What can you do with roasted garlic? What can't you do would be the better question. Add it to mashed potatoes for a little taste of heaven. It's exquisite mixed with butter and spread on a crusty loaf of bread fresh from the oven. The cloves are little globes of perfection squeezed straight onto crostini.
I love roasted garlic so much that I rarely waste time with just one or two heads. If I'm roasting garlic, I roast a minimum of six heads, then I squeeze out the cloves and put them in the refrigerator to throw into all kinds of dishes during the week. This past bunch went into several of the roasted vegetable soups I've been writing about, most recently a roasted carrot and garlic soup that came out heavenly. I also used about half of them in a batch of hummus that was so good I ate it up before I could take a picture. I pureed some up with roasted peppers and kalamata olives for a delicious pasta sauce that needs some work before I can show it off. It tasted really good, but wasn't the most appetizing thing to look at. Sometimes, late at night, I'll just take a couple of cloves and pop them into my mouth and let them melt down my throat. Ummmm. Garlic candy.

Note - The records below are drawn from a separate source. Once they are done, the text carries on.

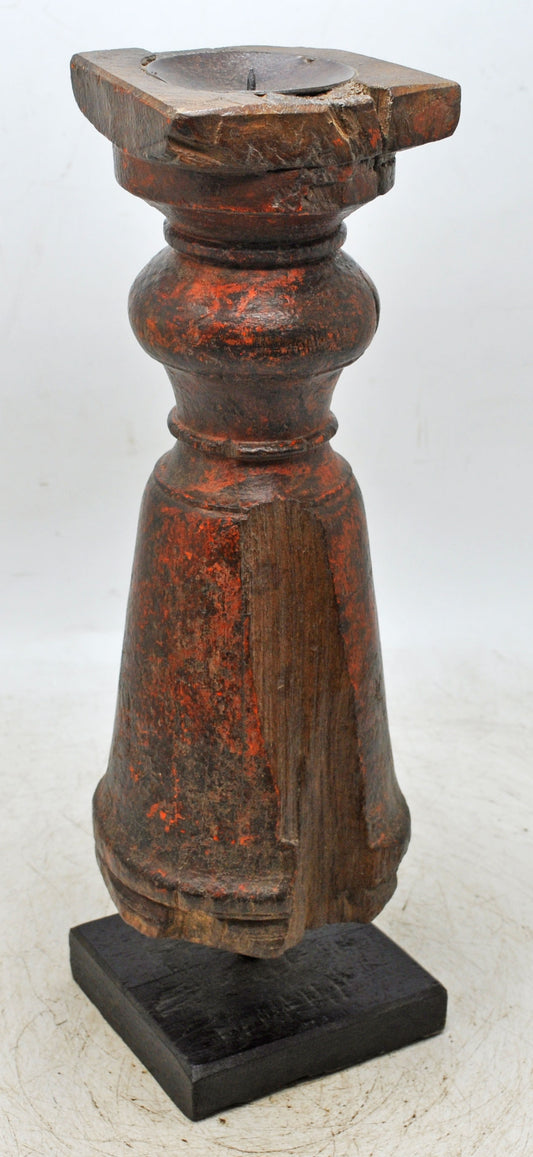 Antique Wooden Paga Candle Holder Stand Original Old Hand Carved Lacquer Painted
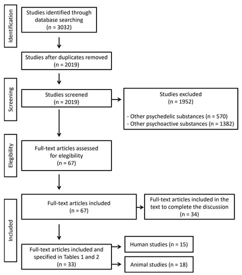Once the search was conducted, studies reporting toxic or lethal doses related to psychedelics were included. We identified 3032 manuscripts for inclusion. The initial quality assessment was made evaluating the title and the abstract. We excluded articles referred to other psychedelic and psychoactive substances. After a screening and evaluation of the whole text, a total of 67 manuscripts were eligible: 33 gave relevant information about effects associated to high doses of psychedelics and 34 were included in the text to complete the discussion. Articles reporting experimental data on lethal doses in animals were also included. Characteristics of eligible studies are summarized in Figure 2. The revision was made according to PRISMA 2020 guidelines. The search was conducted between 1 July and 31 July 2022.
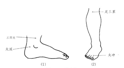 有效穴位 三陰交、太溪、太沖、足三里、涌泉等穴位(圖4、圖5)。
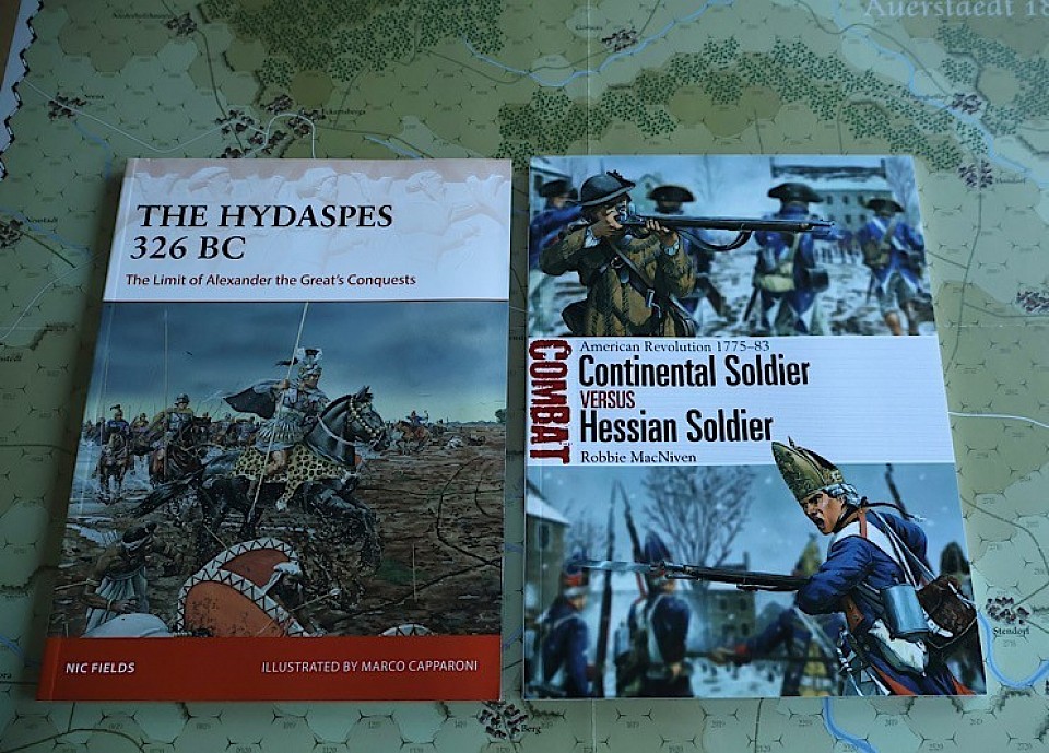 I have a Hydaspes scenario in the Alexander module of Great Battles of the Ancient World by GMT and the Hessian book will just be a delight to read alongside any of the games from the Battles of the American Revolution, also published by GMT.

If you've never tried them, you really should. It's very little work for a tremendously large gustatory payback.
6 heads fresh garlic (or however many you wish to roast)
olive oil or butter
Preheat oven to 425 deg. F. Peel some of the extra paper off of the garlic, but do not remove it all. Slice off the tops of the heads so the tips of the cloves are just barely exposed. Wrap each head in a square of aluminum foil, adding a scant drizzle of olive oil or dab of butter before closing it up. Arrange the garlic bundles in a shallow baking dish and roast for 30-45 minutes, until tender.